An Egyptian belly dancer, who was allowed by the Supreme Elections Commission to run for parliament, has been banned by the Supreme Administrative Court for lacking a “good reputation”.
Becoming popular for her criticism of Islamists during the Presidency of Mohammed Morsi, Sama Al-Masry had been hoping to represent the people of the Gamalia district.
According to the Supreme Administrative Court, having “pleasant” traits is good for people to have in general but mandatory for members of parliament. Lacking such traits results in the Member of Parliament facing “instabilities” in carrying out his/her role and duties, added the court.
In making its decision, the court said it reviewed television shows, interviews and other videos featuring Sama Al-Masry. The judges found out that Al-Masry is ill mannered and does not promote the appropriate image expected of a woman.

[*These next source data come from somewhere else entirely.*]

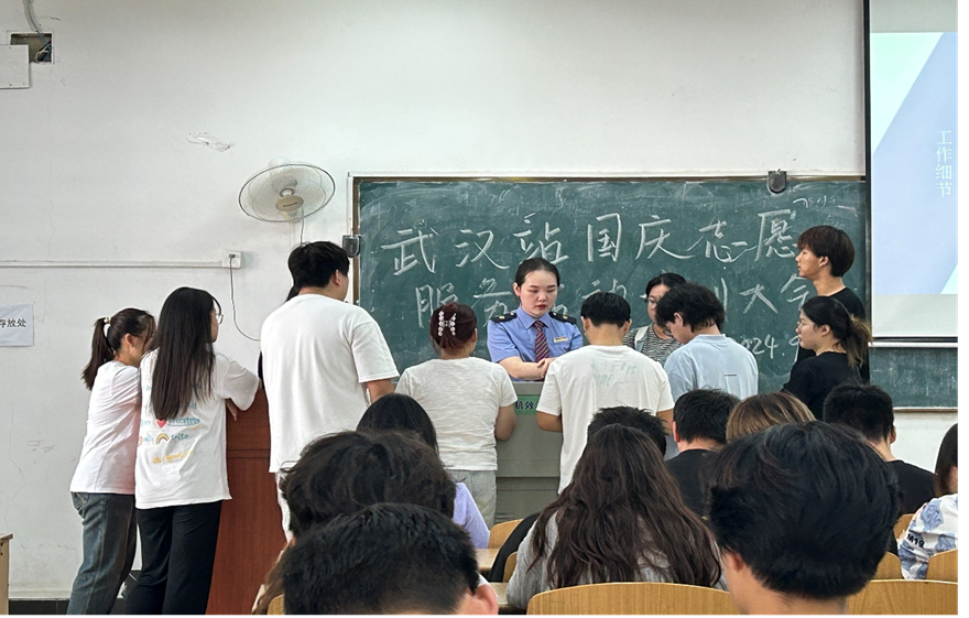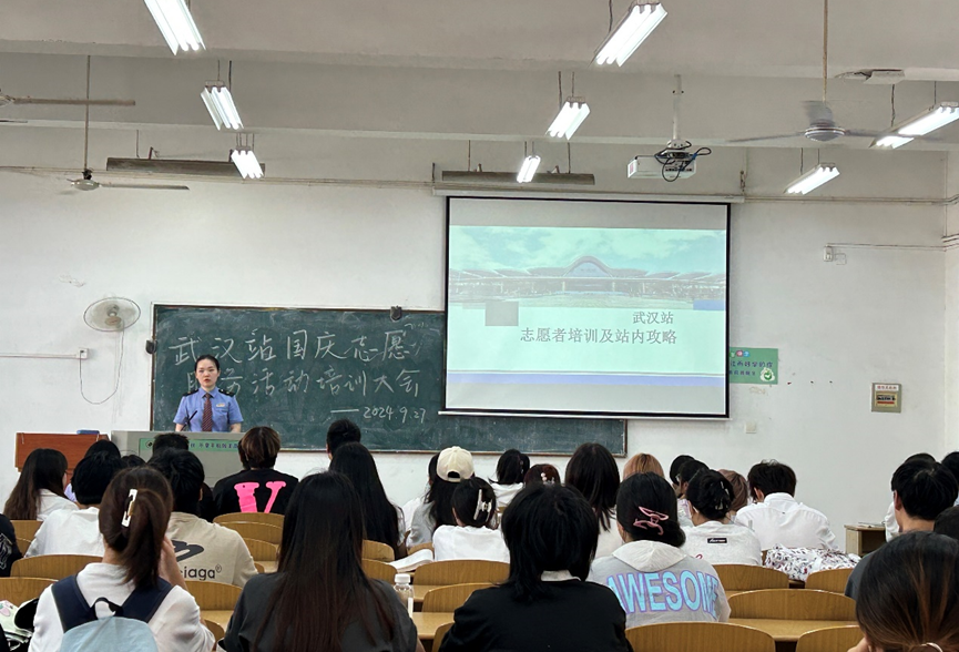 为提升志愿者们的服务技能和应急处理能力,确保其在国庆期间能够为旅客提供更加专业、高效的服务,我校特别邀请了武汉站武汉客运车间总支书记王伟欣,于9月27日中午12:00在南教学楼4102 教室对即将服务于武汉站的志愿者们开展了一次专业的培训活动。
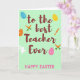 This card features a central message in deep maroon, drawn in flowing lettering that sits slightly raised against a soft mint-green background. Around the words, speckled egg shapes in bright blue, sunny yellow, cheerful orange, and soft pink scatter like confetti, adding a light, friendly mood 🌷. Slender orange carrots with leafy green tops appear between the eggs, gently guiding your eye back toward the main message as if they’re leaning in together. One carrot is arranged as an exclamation mark, giving the layout a cheeky little wink without needing any extra characters. In the lower left, a simple white bunny silhouette 🐰 faces inward, as though watching over the message with a quiet, affectionate presence. Along the bottom edge, a short greeting appears in uppercase letters, set in a strong pink color that stands out from the mint background. The overall scene is framed by the scattered eggs and carrots, with the bunny anchored near the lower left corner and the pink text running neatly across the base.
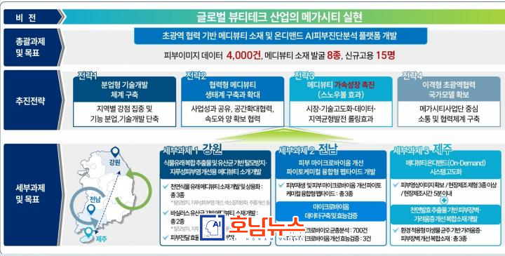 주요 사업 내용은 ▲지역특화 바이오소재를 활용한 고기능성 메디뷰티 소재 개발 ▲피부 데이터 표준화 및 실시간 통합관리 플랫폼 구축 ▲개인별 피부 상태에 맞는 최적 소재를 추천하는 AI 모델 개발 등이다.
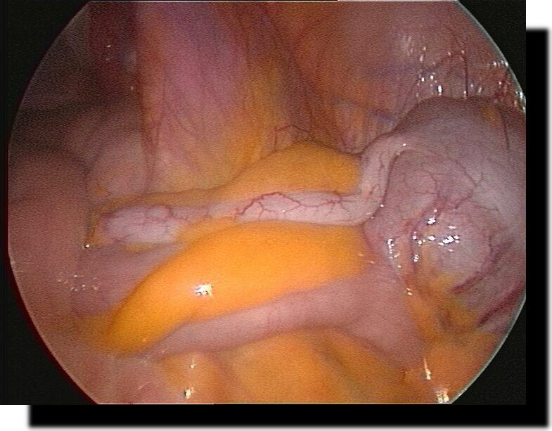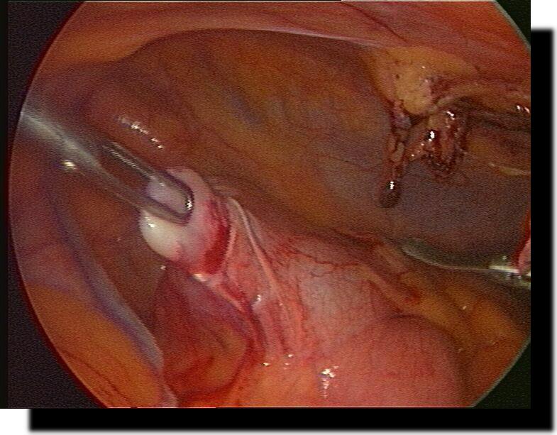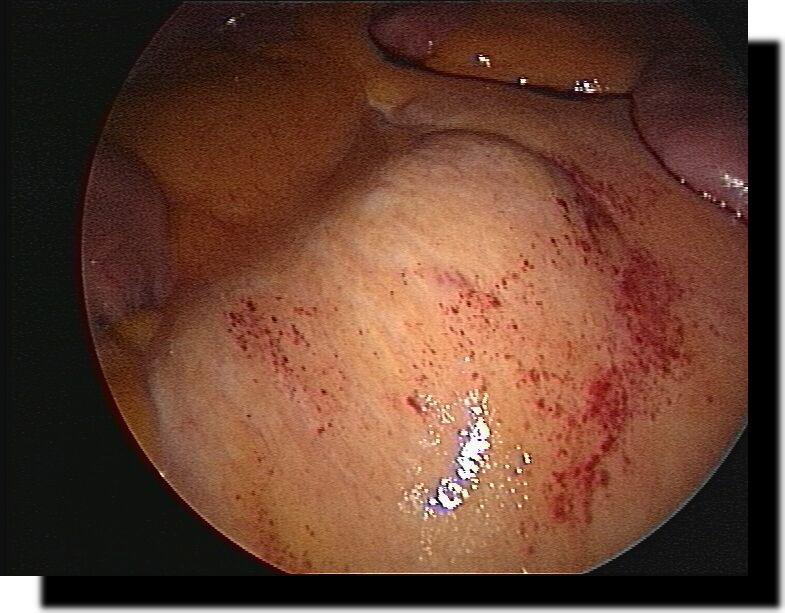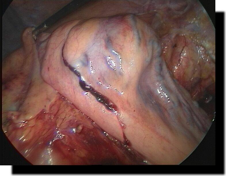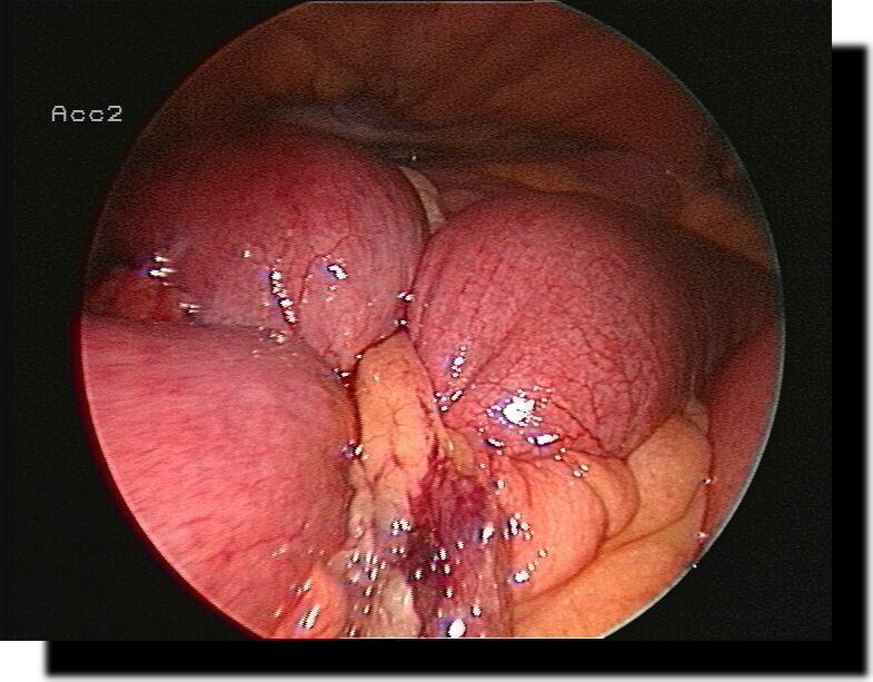 Operationsablauf Zugang durch offene Laparoskopie (s. o.) i.d.R. durch 10mm Stahltrokar im Nabelbereich. Nach Insufflation des Pneumoperitoneums zunächst orientierender Rundblick und Ausschluss von Verletzungen. Einbringen eines 5 mm Stahltrokars im Bereich des rechten Mittelbauches in der Medioclavikularlinie oder an anderer Position im rechte oder linken unteren Quadranten (s. Zeichnung). Dann schrittweise Exploration des Abdomens mit der Johan-Klemme unter entsprechender Lagerung der Patienten (Kopftief-, Fusstief-, Rechtsseit- und Linkseitlagerung). Bei unklarem oder akutem Abdomen weiteres Vorgehen nach Befund (z.B. Laparotomie, Appendektomie, Übernähung Magenperforation, etc.). Bei der Staging-Laparoskopie des Magenkarzinoms wird dann die Leber inspiziert und mit dem Taststab palpiert, um Lebermetastasen zu finden bzw. auszuschliessen. Anschliessend wird der linke Leberlappen mit dem Taststab angehoben und die Magenvorderwand, die kleine Kurvatur, das kleine Netz und die Kardia mit dem Hiatus ösophagei eingesehen und palpiert. Falls erforderlich, wird hierfür ein weiterer 5 mm Trokar im linken Mittelbauch eingebracht. Bei V.a. Tumorgewebe wird eine Biopsie mit der Biopsiezange entnommen. Falls erforderlich werden noch Biopsien aus verdächtigen Peritonealbezirken an den Zwerchfellkuppeln oder anderer Lokalisationen entnommen. (Falls erforderlich, wird nun die grosse Kurvatur über 5-8 cm skeletiert und die Magenhinterwand inspiziert.) Nun sollte eine Stadieneinteilung (z.B.: lapT1-4, lapN1-3, lapM0-1) nach den vorliegenden Befunden möglich sein und entsprechend festgelegt werden, insbesondere sollten nun die entsprechenden Endosonographiebefunde korreliert und ggf. korrigiert werden. Entfernen aller Instrumente und Fasziennaht im Nabelbereich. Subcutane Lokalanästhetika-Infiltration mit Carbostesin 0,25% und intracutane Hautnaht. Verband. Histologische Untersuchtung. Eine Antibiotikaprophylaxe ist in der Regel nicht erforderlich. |
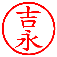 [朱肉の色]を選び、入力窓に“吉永”と入力して[生成]ボタンを押すと、印影が更新され、リンクから電子印鑑(デジタル印影)がダウンロードできます。 電子印鑑「吉永」の作り方文字表示が変なときや、文字バランスが悪いときは[字形切替]のチェックボックスでON/OFFを切り替え[生成]しなおしてください。 生成される画像は通常の印影「吉永.png」と、にじみを表現した少し太めの印影「吉永B.png」の背面透過PNG形式2種と、鮮明なPDF形式の印影「吉永.pdf」の計3種類です。 朱肉の微妙な色の違いを7色で表現しました。デフォルト(左端)は、JISが定めた朱肉の色のマンセル値(7.5R 5/14)をRGB値(217,66,54)に変換したものになっています。 「電子透かし」にチェックを入れて[生成]ボタンを押すと、タイムスタンプを透かしとして埋め込んだセキュアな電子印鑑が作れます。詳細は別ページの「電子透かしとタイムスタンプ」でご覧ください。 吉永さんの日付印が作れます。「日付スタンプメーカー」は、社内向けの書類に利用されることの多い日付印(データ印)が無料で作れるWebアプリケーションです。中段に日付が入り、上段と下段は、ともに8文字まで文字が入ります。 ![]() 古代文字で落款印が作れます。「落款スタンプメーカー」で作品を引き立たせる落款印が作れます。
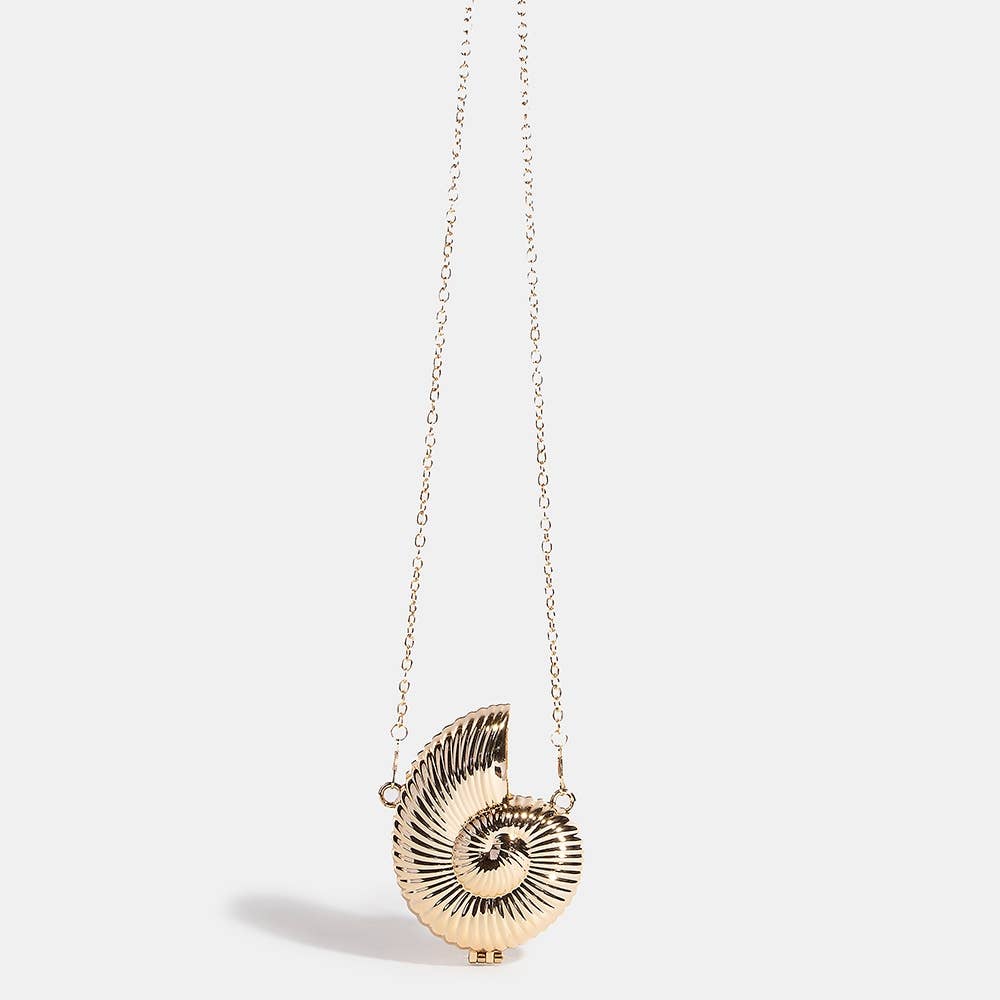 This clutch bag showcases a unique metallic sea shell clutch coin purse style. Unveil modern elegance with this subtly intricate clutch bag.

In regards to her work being an expression of creativity, the court said that creativity and innovation can be achieved while also upholding values and ethics.
Ahead of the ruling, Al-Masry told the media that she would respect the outcome but that she had always dreamt of representing the people of her constituency. The lawsuit had been filed by Samir Sabry, who said that she was not fit to represent the Gamalia district.
Belly dancers in Egypt have recently faced a wave of lawsuits. In September, two belly dancers, who had been charged of debauchery and the promotion of immorality in their music videos, were sentenced to six months in prison.
Egypt’s parliamentary elections are set to take place on 17 and 18 October for Egyptian expatriates and 18 and 19 October for those living in Egypt. The second phase of the elections is scheduled for 21 November 2015.